I DON’T believe that anybody is coming to attack us at all.* I have never heard or read in modern history of anybody that meditated an attack upon our shores; I will hardly except even that of Napoleon the Great, because he came and took a look at us, and then he turned away to a more inviting foe.* But what my reading and experience have taught me is this, that the danger which the English people have to apprehend arises from that peculiarity in their temperament, that idiosyncrasy of their nature, — for nations have idiosyncrasies as well as individuals, — which leads us constantly to go and seek grounds of quarrel and objects of hostility, even to the remotest parts of the globe.
I have seen that in past times Englishmen have been successively fighting the battles of almost every people on the globe; but I have seen also that — whether the objects of our intervention in these remote quarrels have been to advance the principles of civil and religious liberty, as I have sometimes heard it said, or to promote the progress of a freer commercial intercourse — I have seen that our objects have steadily eluded our grasp.
* For the background, see The Crimean War. Cobden gave this speech at the Edinburgh Peace Conference on October 12th-13th, 1853, after Russia’s military intervention in Moldavia and Wallachia, and only a week after Turkey had declared war on Russia. Britain entered the war the following March.

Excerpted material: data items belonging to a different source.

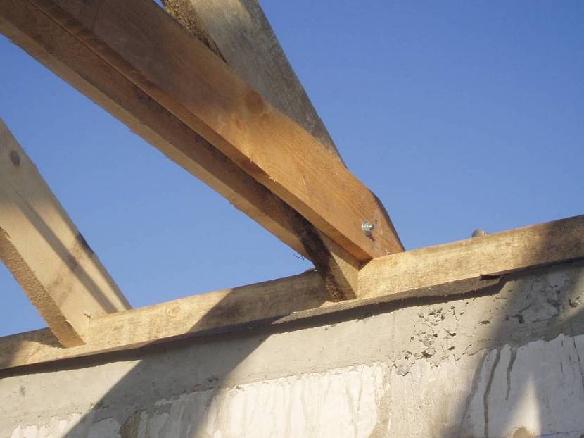 Крепить стропильные балки следует либо путем установки их в подготовленные пазы и укрепляют крепежными элементами, либо путем крепления досчатых накладок.
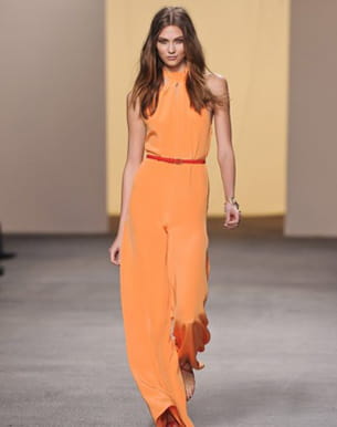 Cette jolie combinaison offre une alternative originale à la traditionnelle robe. Ce modèle très tendance cette saison affiche une jolie couleur abricot des plus vitaminées. De quoi nous habiller avec élégance et couleur et faire honneur à la belle saison. Collection printemps-été 2011
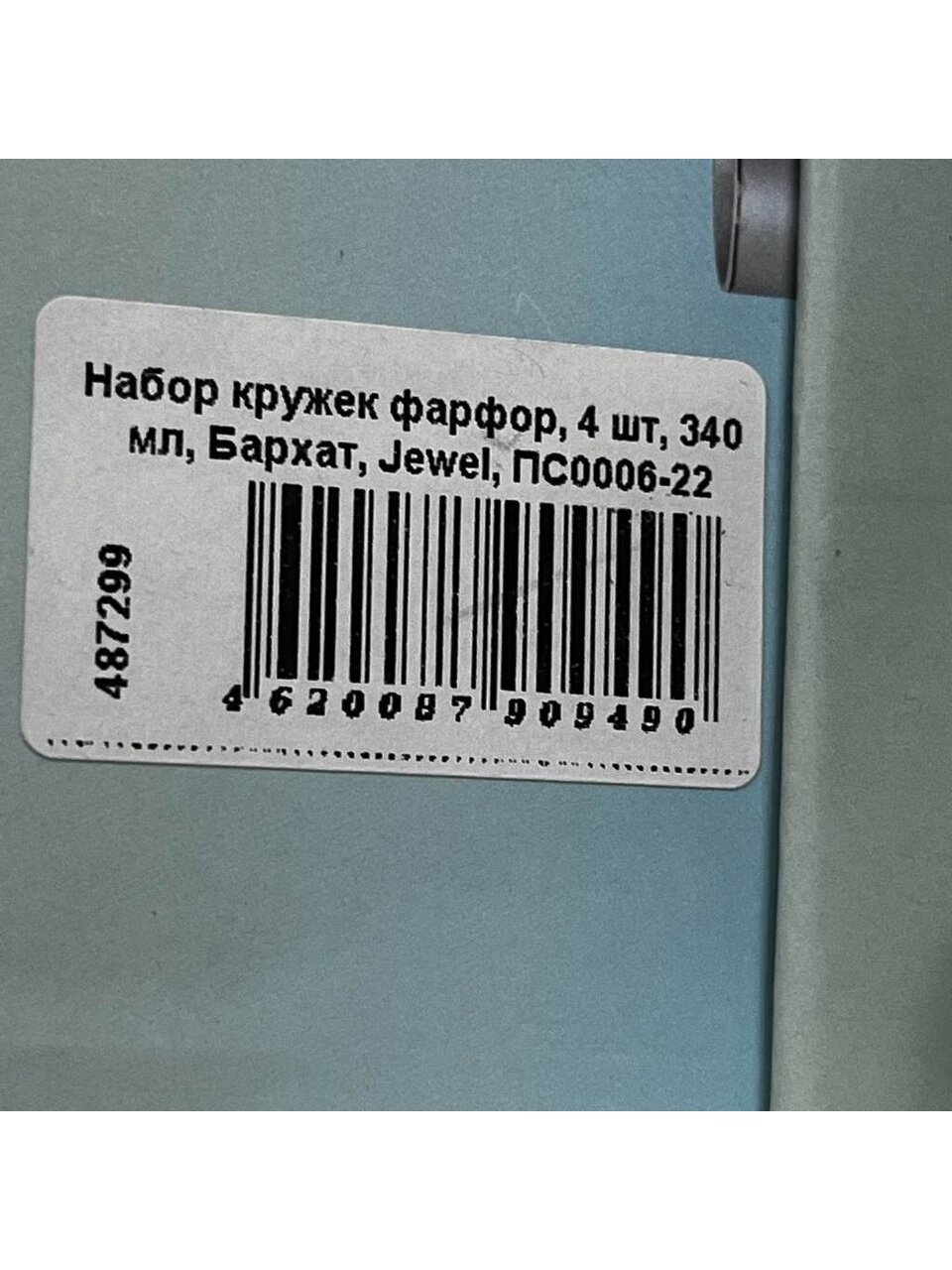 Вы можете приобрести «Набор кружек фарфор, 4 шт, 340 мл, Бархат, Jewel, ПС0006-22» и другие товары в нашем интернет-магазине в Липецке по низким ценам и с бесплатным самовывозом.

* Napoleon’s mind was made up for him by the Royal Navy and especially by Horatio Nelson, who comprehensively defeated his fleets at the Nile (1799) and at Trafalgar (1805), and nullified his allies at Copenhagen (1801). See Jawaharlal Nehru on The Battle of the Nile and The Battle of Trafalgar, and Robert Southey on The Battle of Copenhagen. Cobden was neither a pacifist nor an advocate of unilateral disarmament: he recognised the importance of a professional and well-commanded navy as a deterrent. But as his speech makes clear, he thought that our armed forces would rarely, if ever, have to see deadly action were it not for London’s foolish foreign policy.
Précis
In 1853, as events moved quickly towards the Crimean War, Richard Cobden told a peace conference in Edinburgh that in his opinion no foreign power seriously contemplated an invasion of Britain. By contrast Britain had repeatedly stepped into in disputes overseas, justifying them on humanitarian or economic grounds, but rarely achieved any of our stated goals. (56 / 60 words)
In 1853, as events moved quickly towards the Crimean War, Richard Cobden told a peace conference in Edinburgh that in his opinion no foreign power seriously contemplated an invasion of Britain. By contrast Britain had repeatedly stepped into in disputes overseas, justifying them on humanitarian or economic grounds, but rarely achieved any of our stated goals.